NVIDIA has released a large, open-source dataset to support the development of physical AI systems, including robotics and autonomous vehicles (AVs). Announced at the NVIDIA GTC conference in San Jose, the Physical AI Dataset is available on Hugging Face and provides 15 terabytes of data, featuring more than 320,000 robotics trajectories and up to 1,000 Universal Scene Description (OpenUSD) assets. NVIDIA plans to expand the dataset to include data supporting end-to-end AV development, with 20-second traffic scenario clips from over 1,000 U.S. cities and multiple European countries.
The dataset is intended to accelerate pretraining and post-training for AI models used in applications like warehouse robotics, humanoid surgical assistants, and AVs navigating complex traffic conditions. NVIDIA said the dataset will also feed into its existing platforms, including Cosmos, DRIVE AV, Isaac, and Metropolis. Research institutions such as the Berkeley DeepDrive Center, Carnegie Mellon Safe AI Lab, and UC San Diego’s Contextual Robotics Institute are early adopters.

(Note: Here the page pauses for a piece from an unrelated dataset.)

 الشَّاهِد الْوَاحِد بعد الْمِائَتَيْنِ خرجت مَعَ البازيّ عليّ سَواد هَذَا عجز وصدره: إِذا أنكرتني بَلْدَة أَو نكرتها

NVIDIA highlighted that physical AI model development typically requires extensive, diverse data to train robust systems. The company emphasized that collecting and curating such data can be cost-prohibitive, especially for smaller organizations. The dataset’s scale is designed to enhance safety research, with tools like NVIDIA NeMo Curator allowing for faster processing of large video datasets. Developers can also leverage NVIDIA’s Isaac GR00T workflow for generating synthetic robot manipulation data.

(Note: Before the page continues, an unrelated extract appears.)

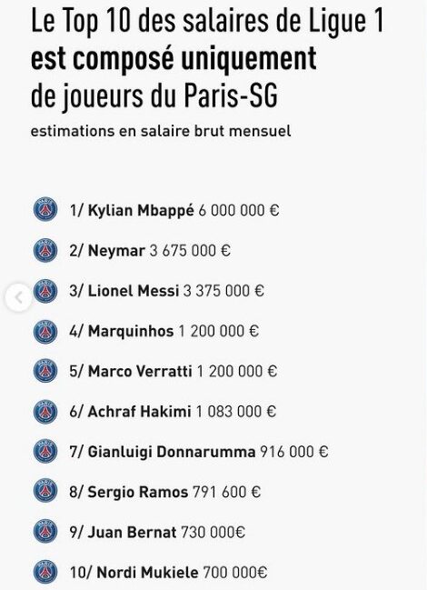 Францускиот шампион ПСЖ во изминатите десет години вложи огромни пари во градењето на тимот. Фудбалерите на овој тим заработуваат неверојатни бројки, а L’Equipe објави месечни плати од кои боли глава.

• NVIDIA launched a 15TB open-source dataset for physical AI development.
• Dataset includes 320,000+ robotics training trajectories and 1,000 OpenUSD assets.

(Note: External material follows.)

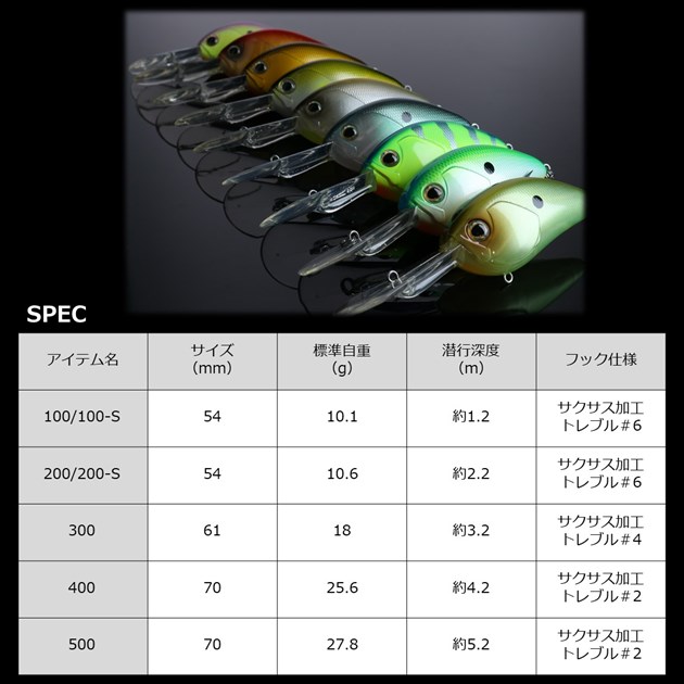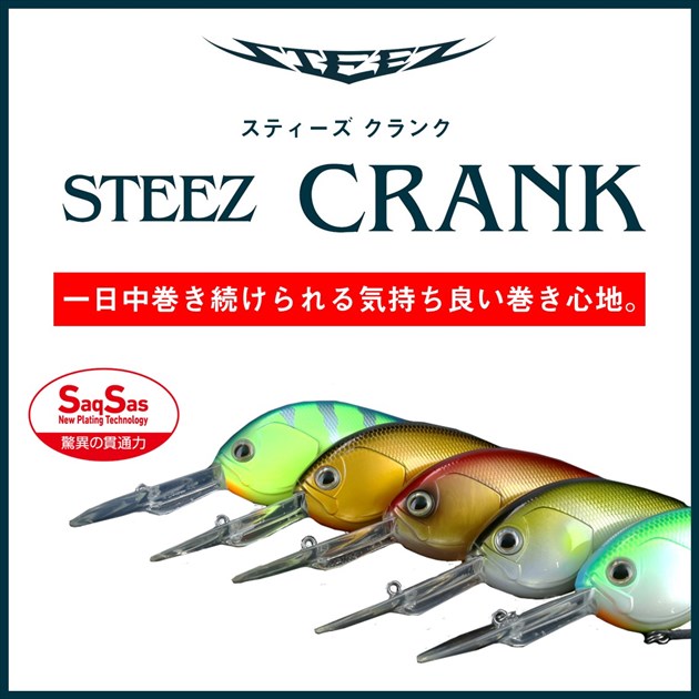 一日中巻き続けられる気持ち良い巻き心地。ストレスを感じることのない圧倒的な遠投性能と、カバーの中をストレートリトリーブで巻き切ってもスタックすることのない高い障害物回避能力。そして一日中使い続け集中力を持続できる心地よい巻き心地。「投げて巻くだけで魚が釣れる」というシンプルかつ奥深いノウハウが存分に詰まった、レンジ別に使い分けが可能なハイパフォーマンス・システムクランクベイト。それがこのスティーズクランクシリーズです。

• Autonomous vehicle dataset expansion will cover 1,000+ cities across the U.S. and Europe.
• Supports NVIDIA Cosmos, DRIVE AV, Isaac, and Metropolis platforms.
• Early adopters: UC Berkeley, Carnegie Mellon, UC San Diego labs.
• Enables faster AI model training for safety-critical applications.
• NVIDIA NeMo Curator processes 20 million hours of video in two weeks on Blackwell GPUs.
• Dataset is available now on Hugging Face.
“We can do a lot of things with this dataset, such as training predictive AI models that help autonomous vehicles better track the movements of vulnerable road users like pedestrians to improve safety,” said Henrik Christensen, director of robotics and AV labs at UC San Diego.